How payment platform Afterpay is rallying social shopaholics to grow its network among SMEs
Wednesday, August 31, 2016/
Instalment payment platform Afterpay has rallied an army of passionate customers in its efforts to get its technology into more retail stores across Australia.
The company allows shoppers to use an Afterpay account to purchase items from Australian online and bricks-and-mortar retailers and pay for their shopping in instalments. It listed on the Australian Securities Exchange in May and since then the share price is up 112%.
In a message to its user base last week, the brand asked its fans to get to work and lobby their favourite businesses to take up the product.
In the days since, users have been targeting major shopping centres, department stores and brands like Mecca, Peter Alexander, Bardot, Bras N Things and Sephora via social media, using the hashtag #afterpayit.
Afterpay co-founder Nick Molnar told SmartCompany the brand is chasing the momentum that comes with their enthusiastic shopper base.
“We have a portfolio of strong brands already, including a lot of small businesses,” he says.
“Our customers are our biggest advocates and they’re really passionate about our brand.”
The move to leverage the existing customer base comes off a period of rapid expansion for Afterpay; with 30,000 customers using it in December last year, the brand now claims it has access to 140,000 shoppers.
Businesses sign up to use the service and pay a commission to the platform for sales made using its technology. Afterpay pays companies outright for their products, then collects instalments from shoppers over a four to six-week period, meaning the risk of failed payments is assumed by Afterpay.
Why retailers are jumping on board
A number of fashion and lifestyle brands have been early adopters, including General Pants Co, Cue, Marcs and Black Milk. Global customer service manager for Black Milk Clothing, Emma Jacobson, says the company signed on to reach a group of customers who were shut out of the brand’s iconic “one time only” product sales.
“We have things like ‘Funtimes Friday’ here where we’ll announce we’re selling a product just for the weekend,” she says. “A lot of people would say ‘I wish I had it longer, it’s not my payday this week!’ This is really a saving grace for them,” she told SmartCompany.
In a world where traditional lay-by models seem to be falling out of favour with retailers – Target notably scrapped its six month lay-by policy at this year’s end of financial year toy sale – new payment platforms are being spruiked as an alternative.
“We know the average Afterpay sale is about 30% higher than for normal orders, so we see it driving sales,” says Jacobson.
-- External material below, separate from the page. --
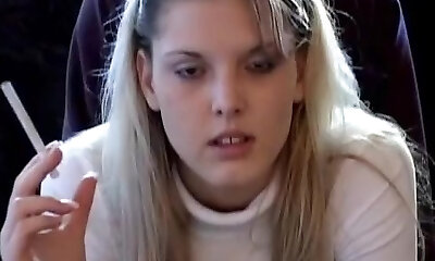 Drunk platinum-blonde sucking dick while smoking a cigarette.

Matchbox homewares is another retailer on board. “Our customers seem happy to have it, and for us we’ve actually seen a lot of new customers from it,” Matchbox e-commerce manager Annie Moon-Arkell told SmartCompany.
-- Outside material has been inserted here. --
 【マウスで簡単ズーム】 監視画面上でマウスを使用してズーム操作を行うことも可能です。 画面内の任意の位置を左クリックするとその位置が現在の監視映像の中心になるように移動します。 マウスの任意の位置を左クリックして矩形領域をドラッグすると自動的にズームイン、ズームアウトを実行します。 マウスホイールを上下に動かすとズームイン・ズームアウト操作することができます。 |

The platform is building itself as an alternative to payday lenders, although it does have late fees in place for not meeting payments. The Consumer Action Law Centre warned customers through a Fairfax report this month that even though the Afterpay product claims to be interest-free, users could still be liable for credit card interest with their card providers.
The callout to customers has inspired some frenzied responses as shoppers look towards retailers that offer limited time offers and lifestyle products. Many seem aware that the platform courts temptation. “Afterpay makes my online shopping even worse. SEPHORA needs after pay though,” said one shopper on Facebook.
Molnar says the social media engagement strategy is aiming at building a stronger portfolio of brands for Afterpay’s books.
“Customers like our product, because they know we’re genuinely in their favour,” he says.